You are given a binary string s consisting only of zeroes and ones.
A substring of s is considered balanced if all zeroes are before ones and the number of zeroes is equal to the number of ones inside the substring. Notice that the empty substring is considered a balanced substring.
Return the length of the longest balanced substring of s.

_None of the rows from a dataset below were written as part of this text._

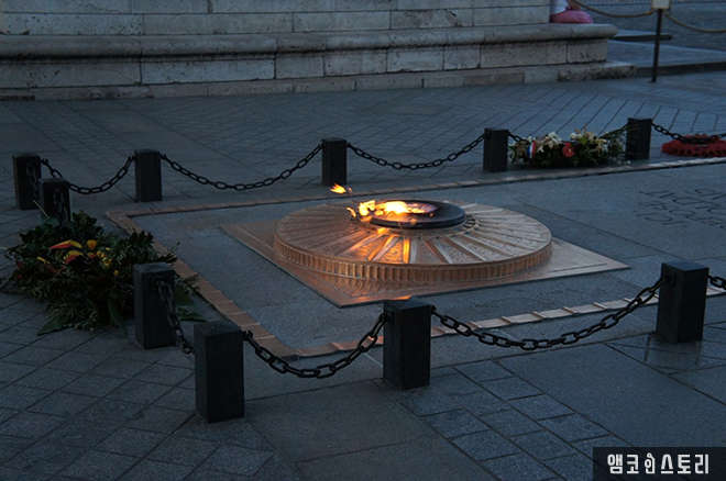 개선문 전망대에서 엘리베이터를 타고 1층으로 내려오니 무명 용사의 넋을 기리는 꺼지지 않는 불이 보인다. 수많은 전쟁을 치른 프랑스 국민이 무명 용사들에게 바치는 의미로 1년 내내 꺼지지 않는다고 한다.
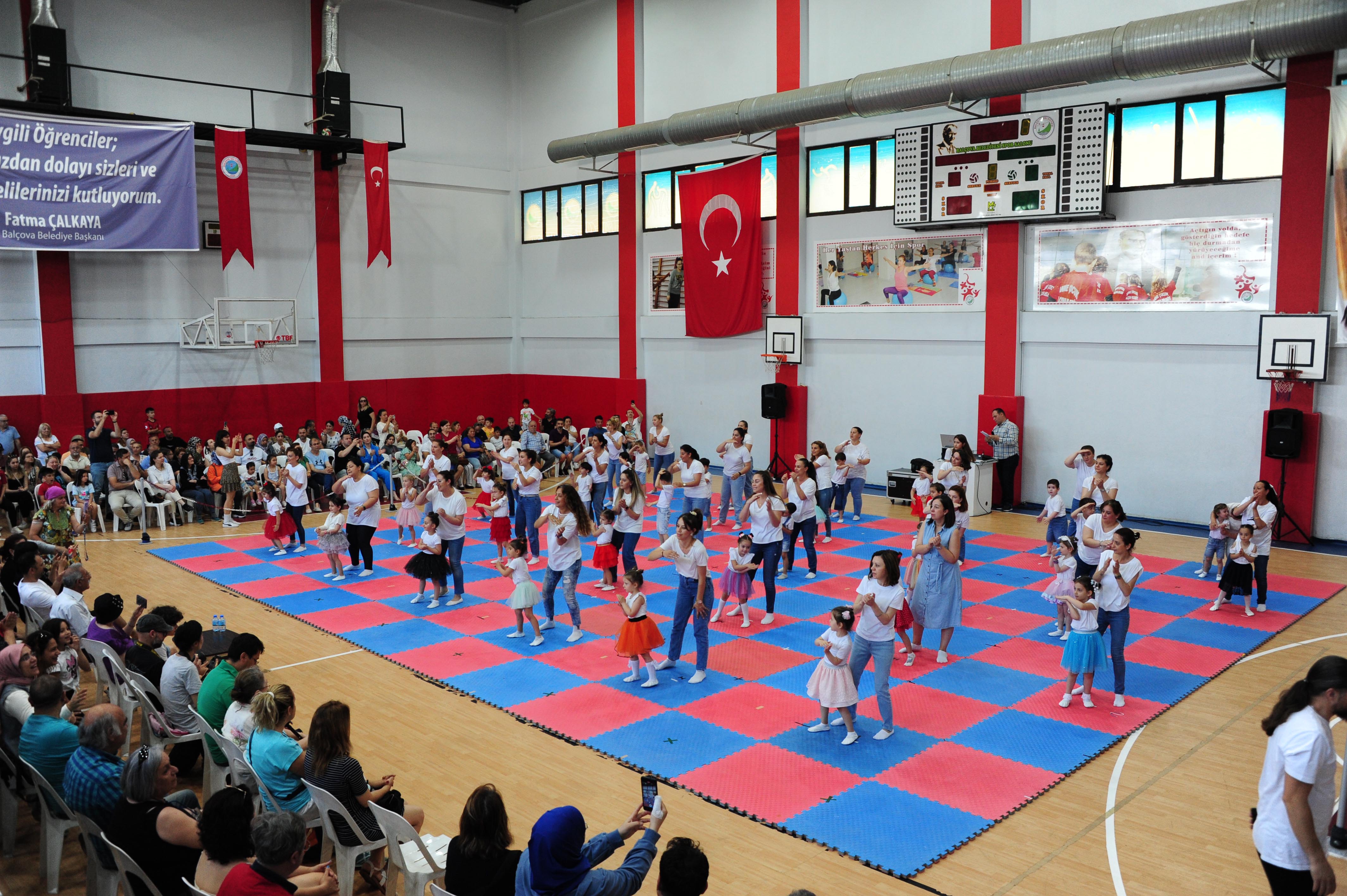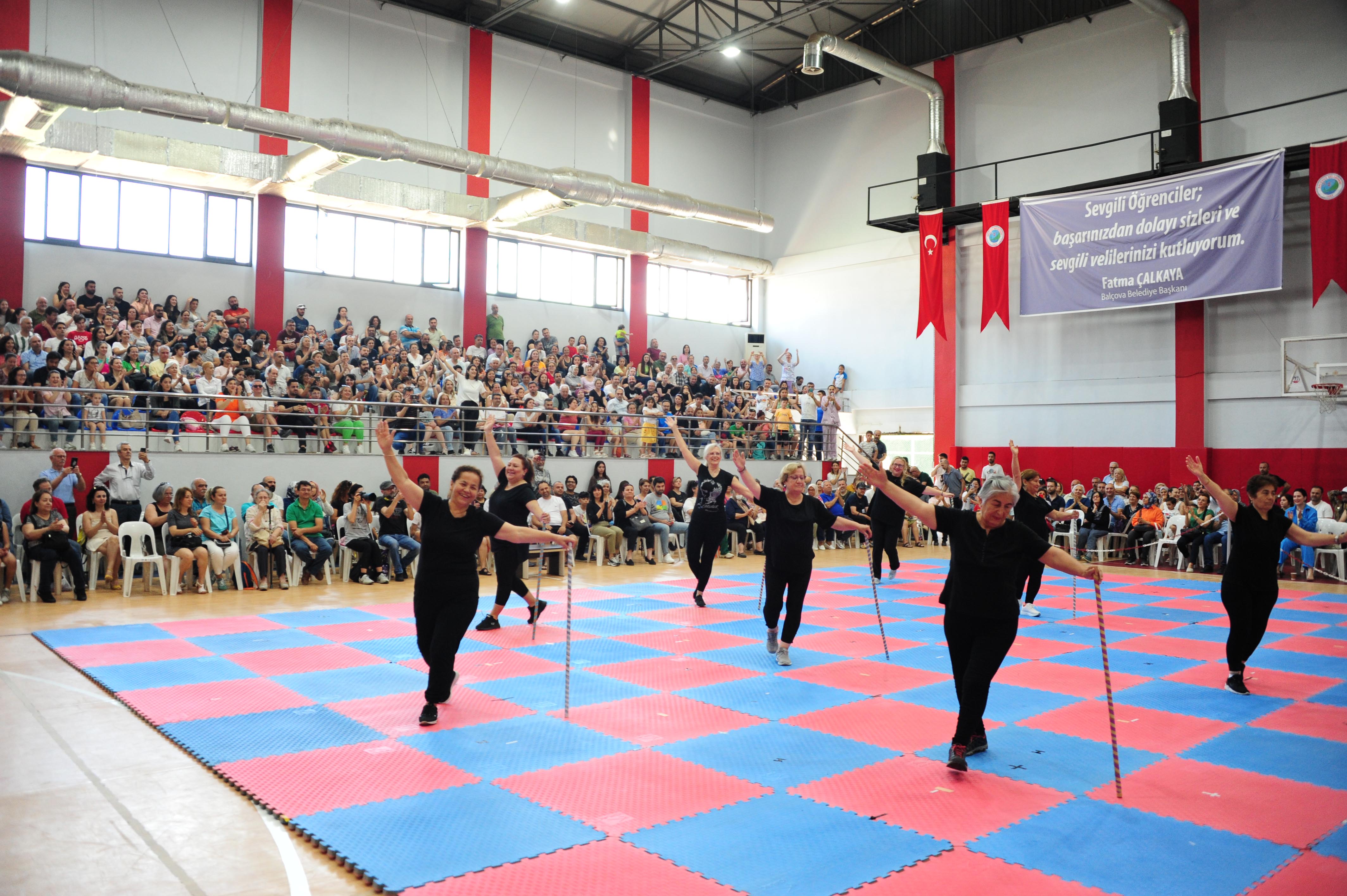 Balçova Belediyesinin “7’den 70’e herkese ücretsiz spor” sloganı her yıl binlerce kişiye verdiği spor hizmetine olan ilgi her geçen gün artıyor. Bu yıl da basketbol, futbol, voleybol, aerobik, cimnastik ve anne çocuk cimnastiği kurslarına katılan her yaştan Balçovalı, muhteşem bir yılsonu gösterisi hazırladı. Sporcuların ailelerinden oluşan kalabalık izleyici topluluğu tüm sporcuların gösterilerini hayranlıkla izledi. Gösterilerin ardından Belediye Meclis Üyesi Yalçın Karayılan ve Spor Okulu öğretmenleri sporculara katılım belgelerini verdi.
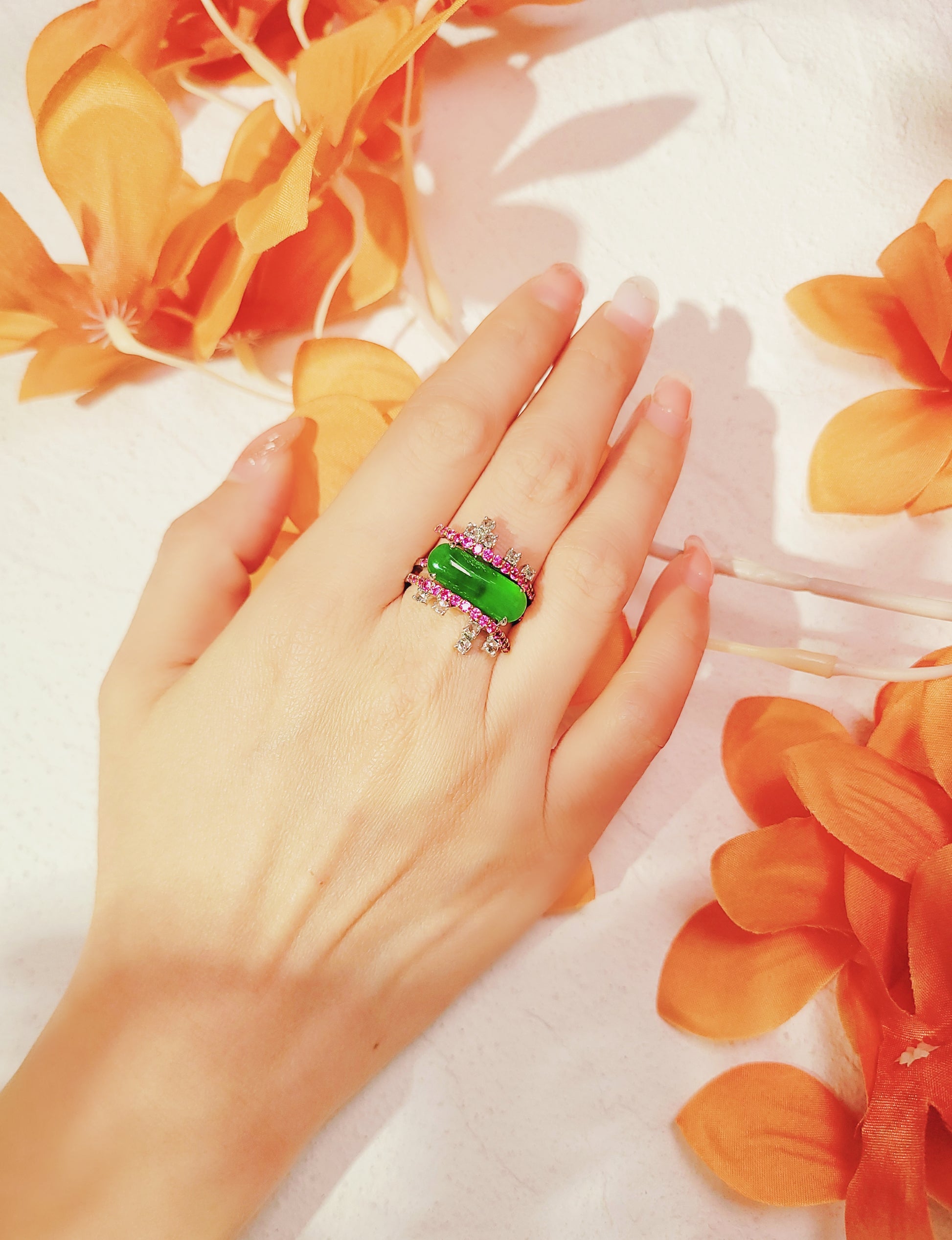 粉紅藍寶翡翠鑽石戒指
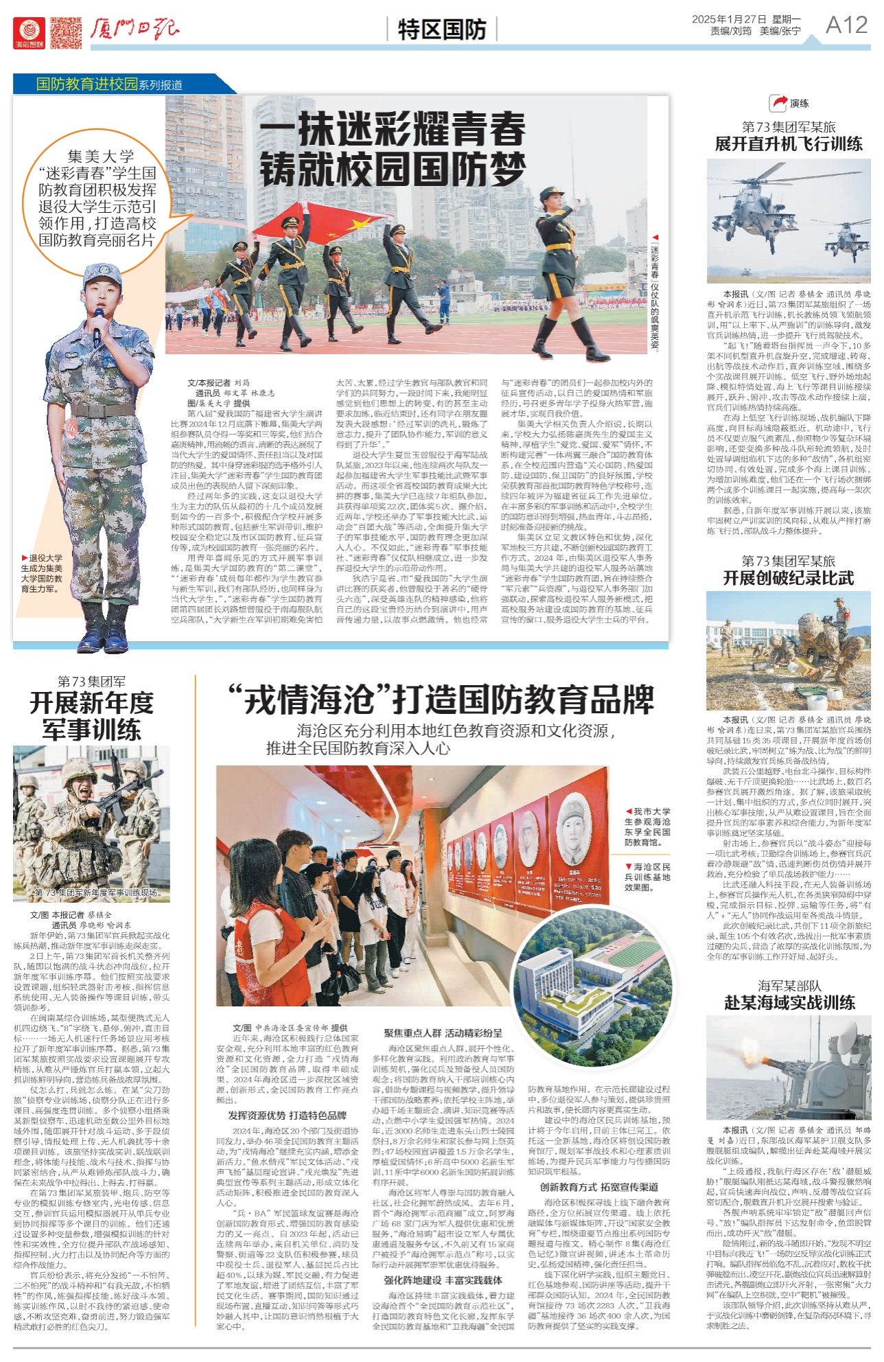 集美區(qū)立足文教區(qū)特色和優(yōu)勢,深化軍地校三方共建,不斷創(chuàng)新校園國防教育工作方式。2024 年,由集美區(qū)退役軍人事務(wù)局與集美大學(xué)共建的退役軍人服務(wù)站落地“迷彩青春”學(xué)生國防教育團(tuán),旨在持續(xù)整合“軍元素”“兵資源”,與退役軍人事務(wù)部門加強(qiáng)聯(lián)動,探索高校退役軍人服務(wù)新模式,把高校服務(wù)站建設(shè)成國防教育的基地、征兵宣傳的窗口、服務(wù)退役大學(xué)生士兵的平臺。

A substring is a contiguous sequence of characters within a string.
Example 1:
Input: s = "01000111"
Output: 6
Explanation: The longest balanced substring is "000111", which has length 6.
Example 2:
Input: s = "00111"
Output: 4
Explanation: The longest balanced substring is "0011", which has length 4.
Example 3:
Input: s = "111"
Output: 0
Explanation: There is no balanced substring except the empty substring, so the answer is 0.
Constraints:
1 <= s.length <= 50
'0' <= s[i] <= '1'
Solutions
Solution 1: Brute force
Since the range of \(n\) is small, we can enumerate all substrings \(s[i..j]\) to check if it is a balanced string. If so, update the answer.
The time complexity is \(O(n^3)\), and the space complexity is \(O(1)\). Where \(n\) is the length of string \(s\).
We use variables \(zero\) and \(one\) to record the number of continuous \(0\) and \(1\).
Traverse the string \(s\), for the current character \(c\):
If the current character is '0', we check if \(one\) is greater than \(0\), if so, we reset \(zero\) and \(one\) to \(0\), and then add \(1\) to \(zero\).
If the current character is '1', we add \(1\) to \(one\), and update the answer to \(ans = max(ans, 2 \times min(one, zero))\).
After the traversal is complete, we can get the length of the longest balanced substring.
The time complexity is \(O(n)\), and the space complexity is \(O(1)\). Where \(n\) is the length of string \(s\).